Below are the records; give again exactly the lines from the one containing "President Reagan meets" through the one containing "Morocco-Israel (Illustrative)", leaving out pictures.

[[ Data section, beginning ]]

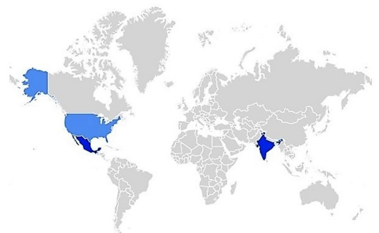
Fig 1. Keywords-Based Geographic Mapping.

+ Retrospective Mapping via Google Trends [2004-current] [Time-stamp: September 1st, 2019].
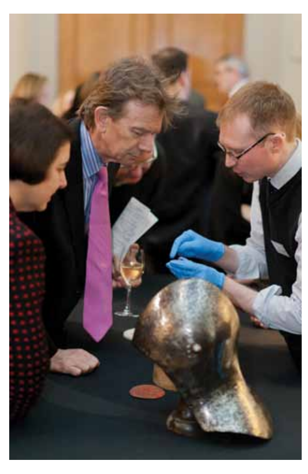
TV presenter Michael Wood examines objects from Norwich Castle at the British Museum event.

Phase 3 In collaboration with partners in southern counties of England and in Calvados in Normandy, to explore and interpret the international context of Norwich Castle's Norman heritage. A partnership, under the name of Norman Connections, has been
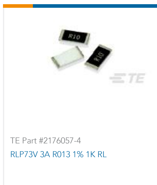
TE Part #2176057-4 RLP73V 3A R013 1% 1K RL
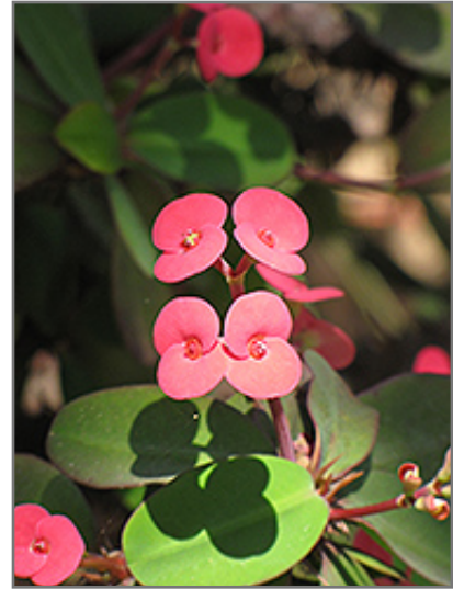
Crown Of Thorns flowers

This is a multi-stemmed evergreen houseplant with an upright spreading habit of growth. This plant may benefit from an occasional pruning to look its best.
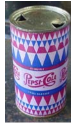
Sold at: 30.99 US$ Bids: 2
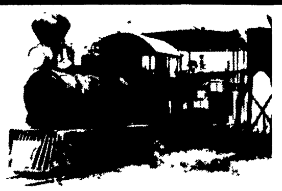
The Shay - Early 1900's Steam Powered Logging Locomotive With Added Observation Car.
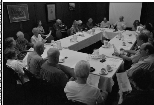
AGM 23rd October 2010 at Irish Club.
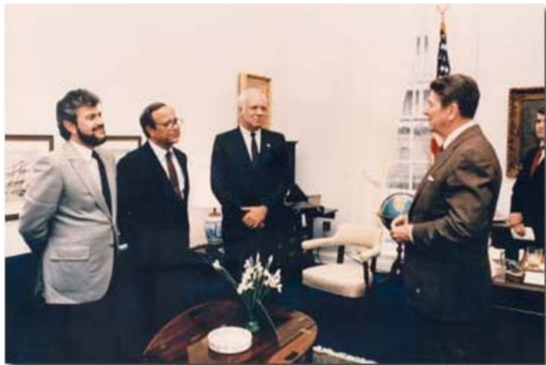
President Reagan meets with Contra leaders in the Oval Office. Oliver North is at far right. When this photo was officially released North's image was cut out.

home | about | documents | news | publications | FOIA | research | internships | search | donate | mailing list
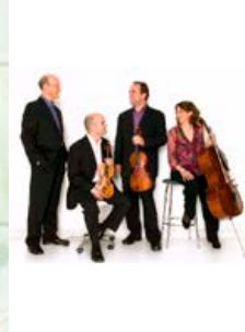
The Schubert Ensemble
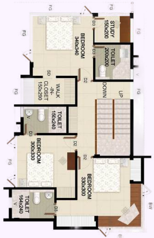
First Floor Area: 860 Sq. Ft.
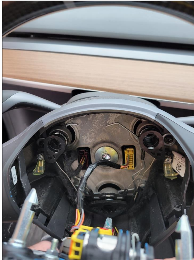
(Reference image of internals of steering wheel core with connectors still connected)
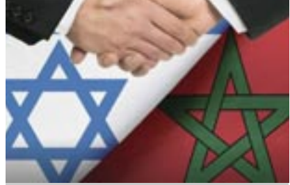
Morocco-Israel (Illustrative)

Before the discovery of large natural gas reservoirs off Israel’s coast, most energy was imported. It was in 1999 when Noble Energy, a Houston-based company, made the first discovery of gas, estimated to be 30 trillion cubic meters. In the meantime, additional fields have been discovered exceeding this enormous amount. Yet Worldometers.info lists Israel’s global share of natural gas reserves at only 0.1 percent. Russia holds 24.3%, Iran 17.3%, Qatar 12.5%, United States 5.3%, and Saudi Ara-
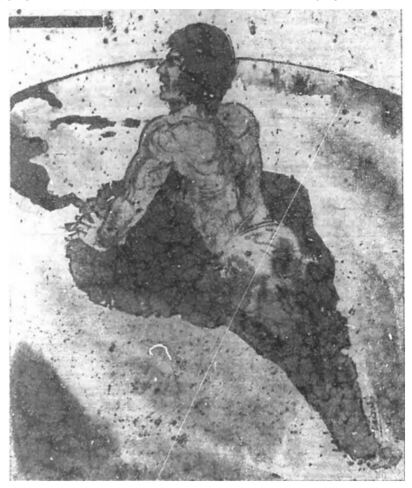
Figure 1. Jose Martí essay illustration (Source: DLOC, taken from Bohemia , 28 May 1965, p. 91; © Biblioteca Nacional de Cuba. Permission granted to University of Florida to digitize and display this item for non-profit research and educational purposes. Any reuse of this item in excess of fair use or other copyright exemptions requires permission of the copyright holder).
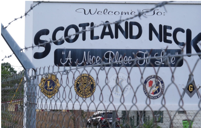
Current welcome sign for Scotland Neck
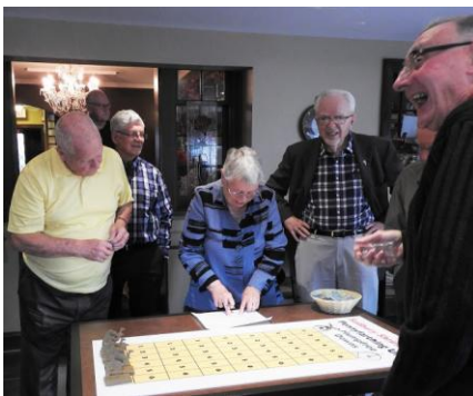
They're at the post.....
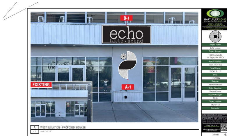
PROPOSED EXTERIOR SIGNAGE RENDERING
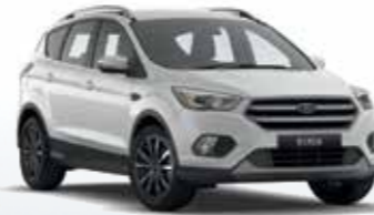
Platinum White (Metallic*)
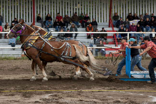
Lakes District Fall Fair

[[ Data section, end ]]

- Written answer
President Reagan meets with Contra leaders in the Oval Office. Oliver North is at far right. When this photo was officially released North's image was cut out.

home | about | documents | news | publications | FOIA | research | internships | search | donate | mailing list
The Schubert Ensemble
First Floor Area: 860 Sq. Ft.
(Reference image of internals of steering wheel core with connectors still connected)
Morocco-Israel (Illustrative)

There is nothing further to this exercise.